Saturday, January 31, 2026

RTI disclosure isn’t ideal curiosity, it enables good governance : By: Editorial

The Indian Express: Editorial: Saturday, 31 January 2026.
The law’s roles in exposing major scams the Vyapam scam and the Adarsh Housing Society scam, for instance is a testimony to its role as a governance enhancer. The Act has also been used to question the RBI during the banking scams
The Economic Survey has done a commendable job in underlining the country’s resilience in an increasingly uncertain world. It has highlighted the deficits that could stall the growth momentum and rightly pointed out that increasing innovation, scaling up the country’s manufacturing ecosystem, and enhancing export competitiveness will require the government to become an enabler not a heavy-handed controller.
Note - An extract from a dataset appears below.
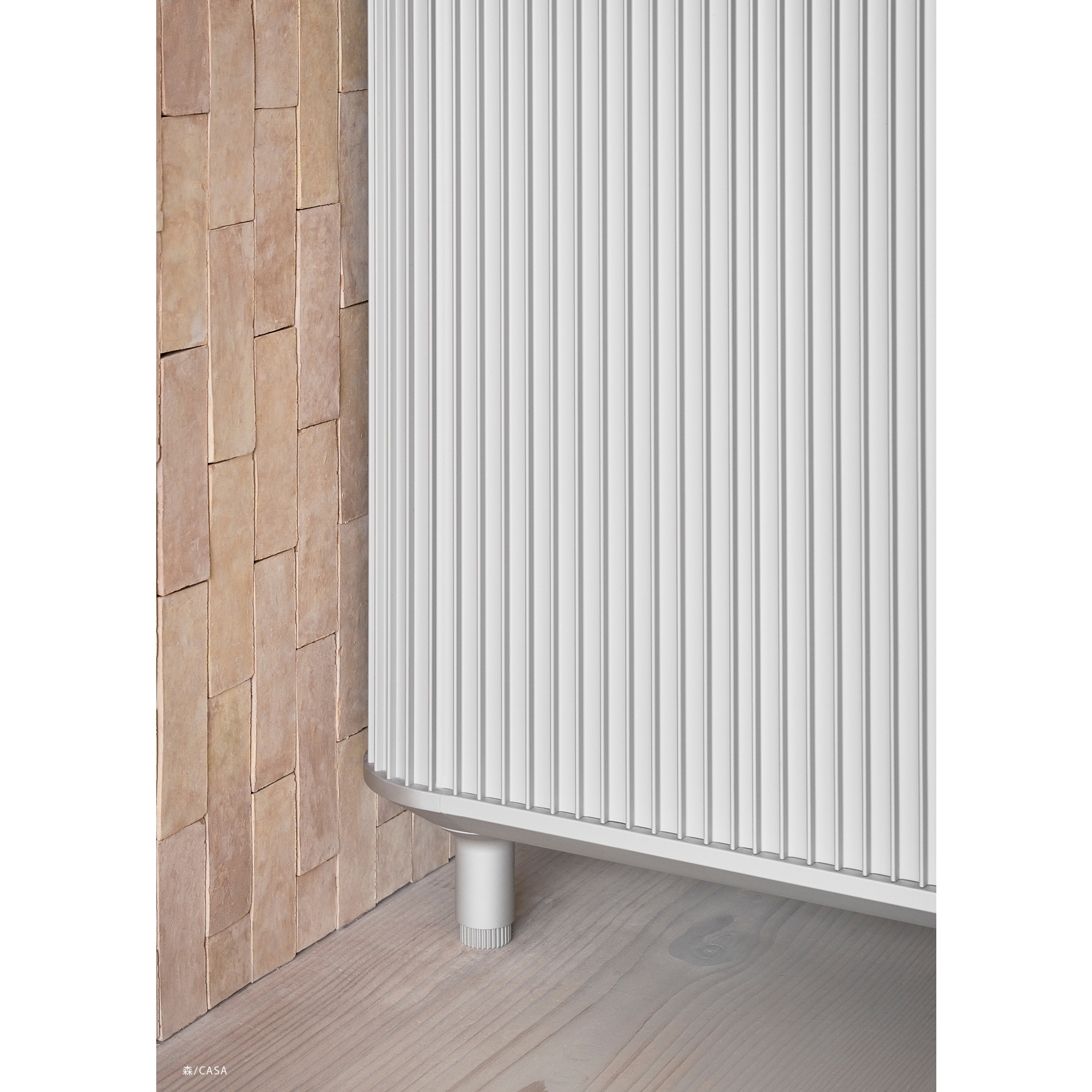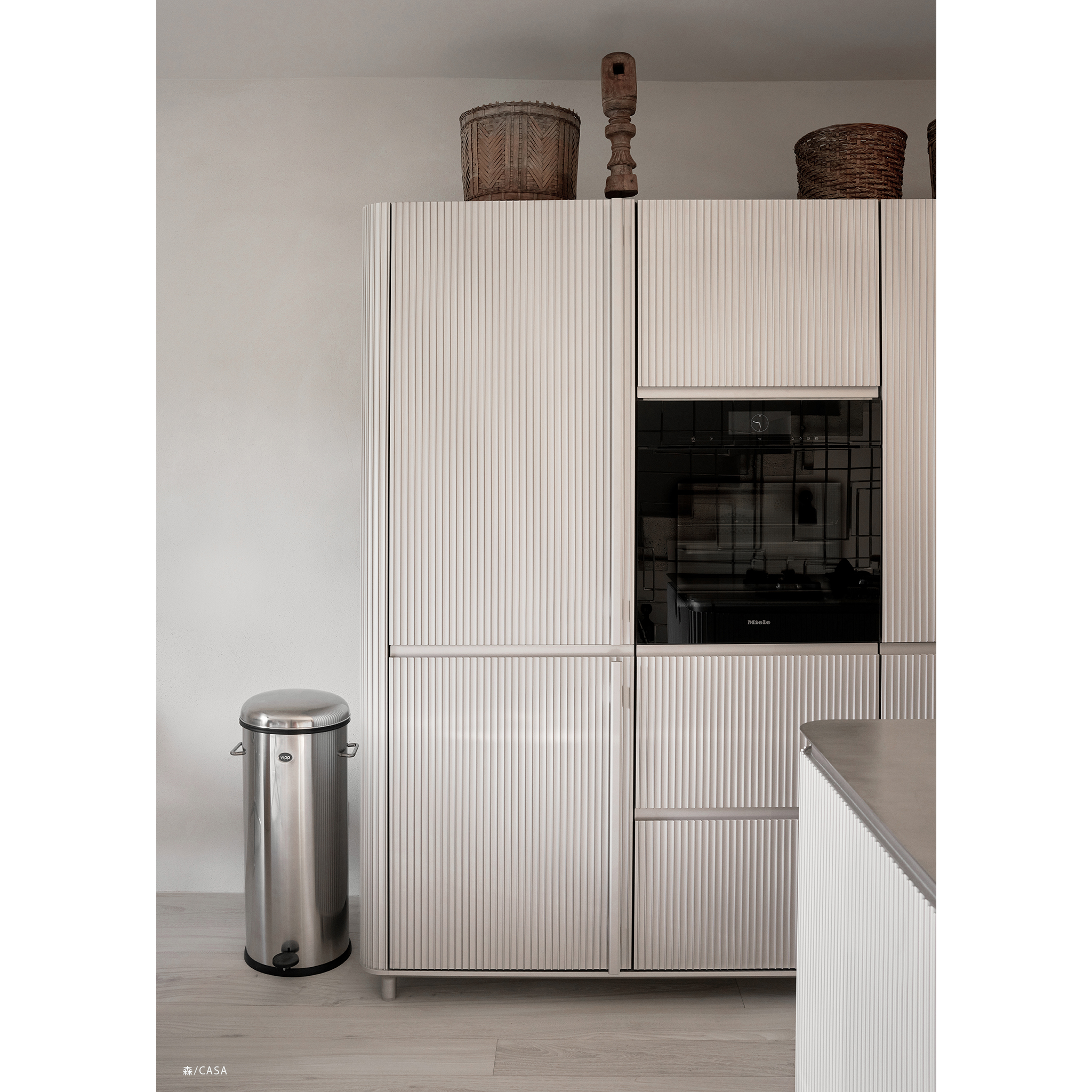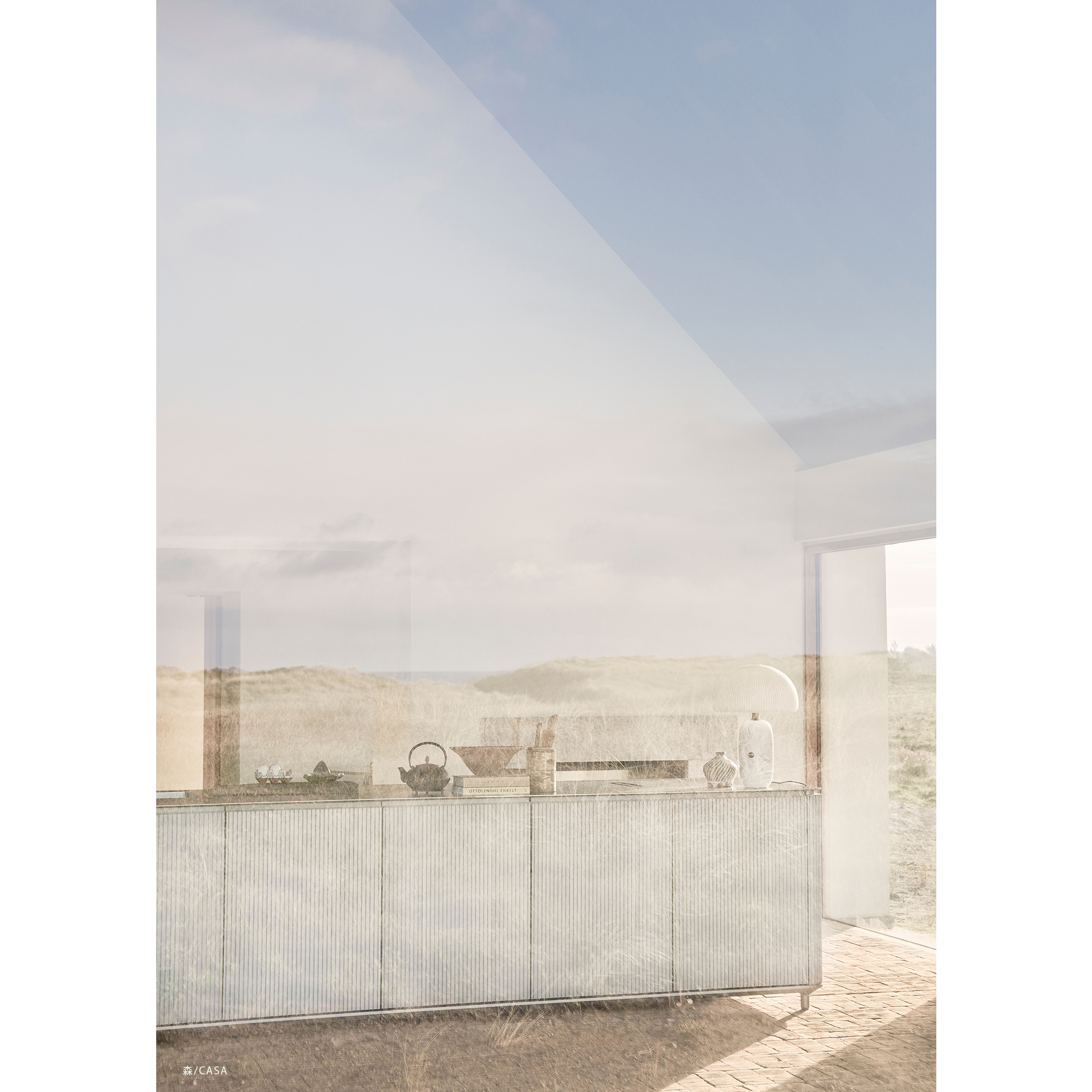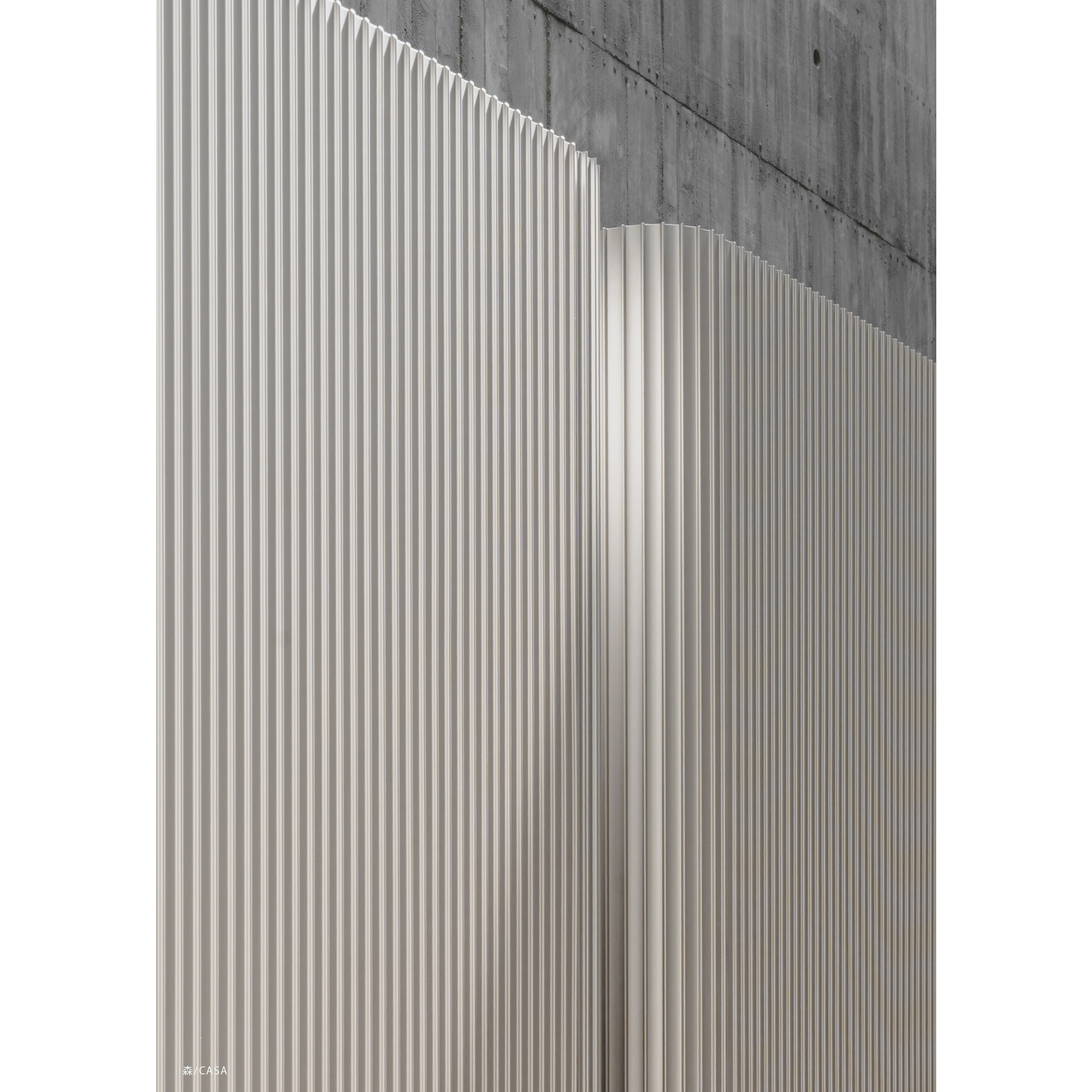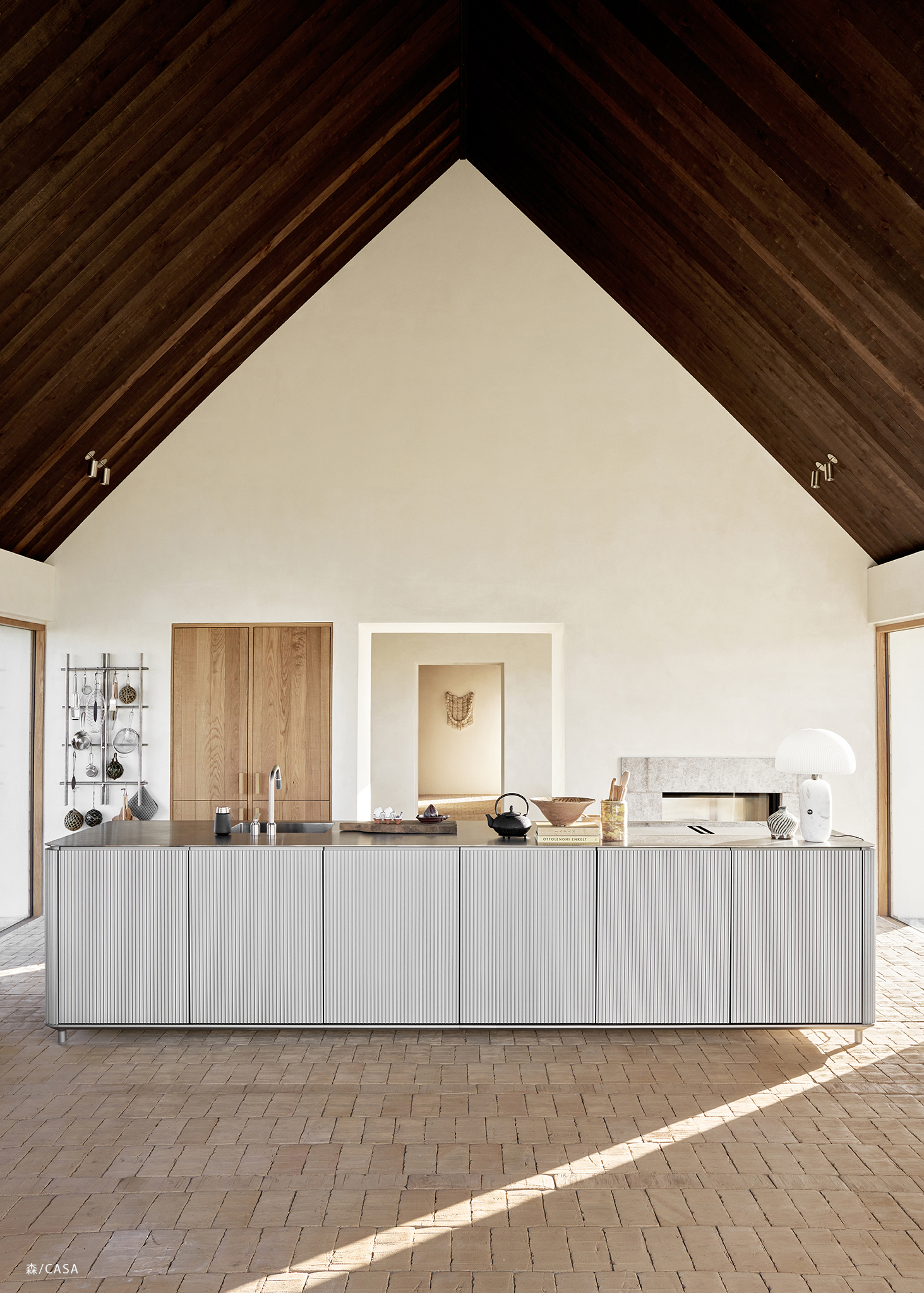 V3 Kitchen 以 Vipp 模組化設計延續廚具架構,優雅展現輕巧的廚房美學。採用陽極氧化鋁素材,經由特殊加壓技法,呈現垂直的櫃體表面。層壓的弧度環繞櫃體外圍,透出銀灰鋁的獨特魅力,透過光線呈現出細膩的光澤變化,帶來輕盈舒適的淺調明亮,柔和日常的生活空間。

The Survey, however, is misplaced in interpreting civic scrutiny of governance as antithetical to the entrepreneurial spirit. It calls for a re-examination of the Right to Information Act, particularly the provisions related to the disclosure of deliberations that inform policymaking. The observation that such disclosures “unduly constrain governance” is a narrow reading of administrative efficiency. Public access to documents illuminates the evolution of a policy and provides a context for why certain ideas were accepted or rejected. They are a precious tool for citizens to force the bureaucracy to share information concerning public policy and the delivery of services and goods. A transparent bureaucracy is, in turn, fundamental to a stable, predictable, and fair economic environment.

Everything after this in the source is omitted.